Value? I've no idea. Prices always seem to be locally driven. 

Wear your safety glasses, short sleeves, and count your fingers before you turn out the light! Bigger machines are also more powerful.
Please keep us posted.

Daryl
MN


----------



## Strtspdlx (Apr 20, 2015)

I will keep everyone posted. I try to be safety oriented when doing anything. Lack of experience tends to be my major flaw though. I'm hoping this lathe is 3phase powered so I have an excuse to by a converter so when I buy a mill I already have it.

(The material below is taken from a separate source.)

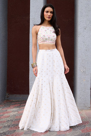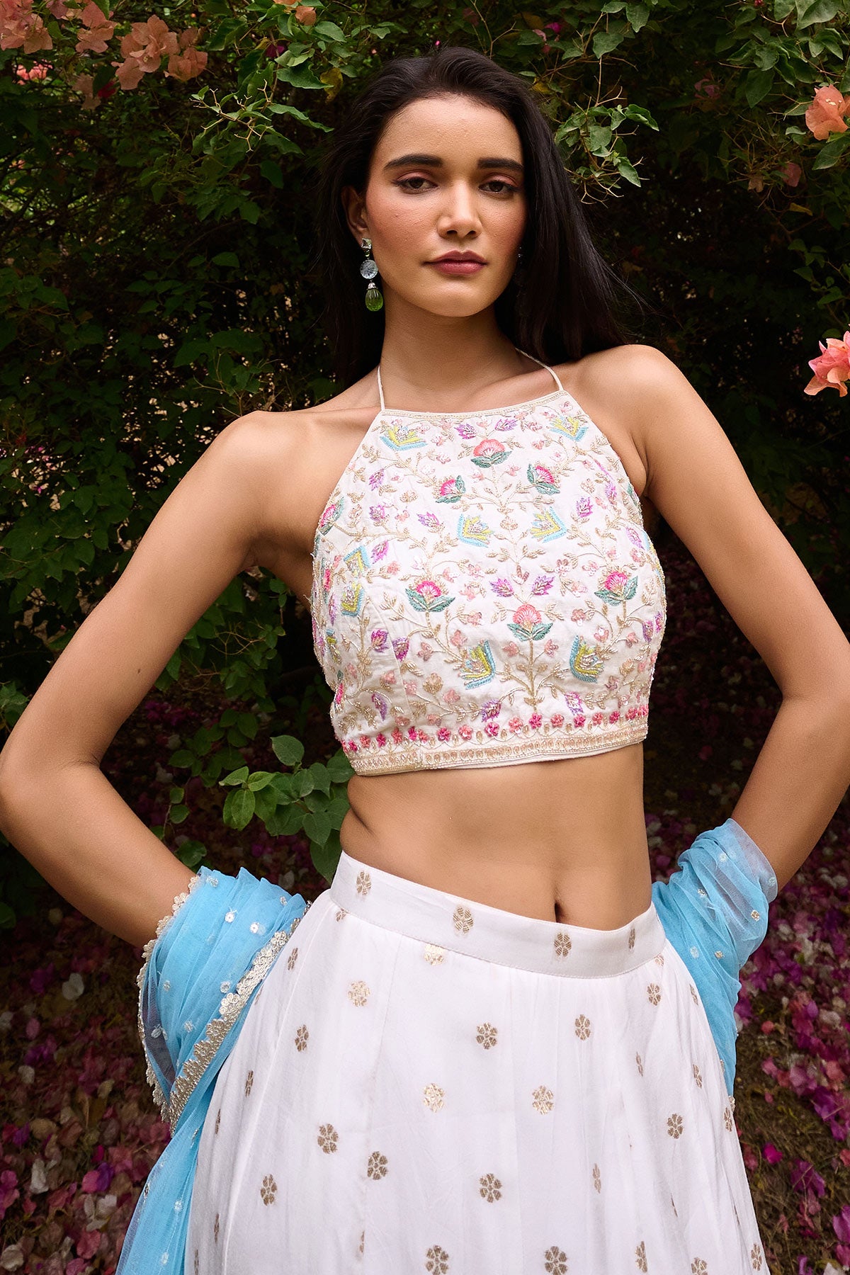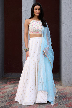 Ivory Jamewar gusset skirt paired with thread and beads embellished halter neck blouse and contrast powder blue tulle dupatta

But come Friday I'll know if it's even a possibility or not 


Regards-Carlo


----------



## Uglydog (Apr 20, 2015)

People here will help you figure out the electrical, if you have enough amps available. 
As far as experiecne near as I can tell none of us have enough.

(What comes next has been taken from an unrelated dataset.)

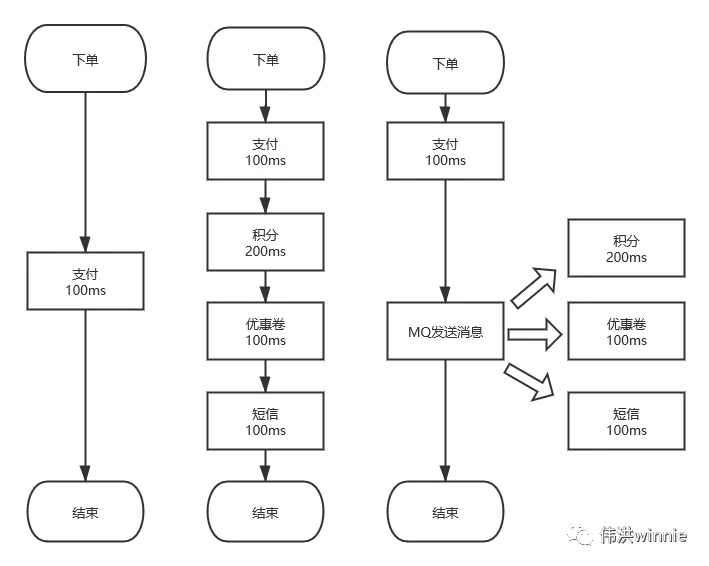1.异步 :一个下单流程,你需要扣积分,扣优惠卷,发短信等,有些耗时又不需要立即处理的事,可以丢到队列里异步处理。

Carlo, we are all in this together. 

Daryl
MN


----------



## Chipper5783 (Apr 20, 2015)

Like Daryl said.

A 12" swing lathe is a *lot* more machine than a 10" swing lathe.  It is still not a "big" machine.  I think you would find it very handy.  You will have more rigidity, more scope for fitting in odd ball jobs.  It will still be light enough and small enough that it won't be a huge chore to move around (perhaps with a couple buddies, small pickup truck) - not like you'll be moving it on a regular basis.

Regardless of the power, you'll have no problem (it is a 12" Atlas, you are not talking about loads of power).  I agree with you on hoping it is 3 phase.

Have a good look around for the various bits and pieces (all the pieces of whatever attachement, specialty wrenches, the second set of jaws).  I can't count the hours I've spent searching for, or making the rest of the pieces to complete some aspect of one of my machine.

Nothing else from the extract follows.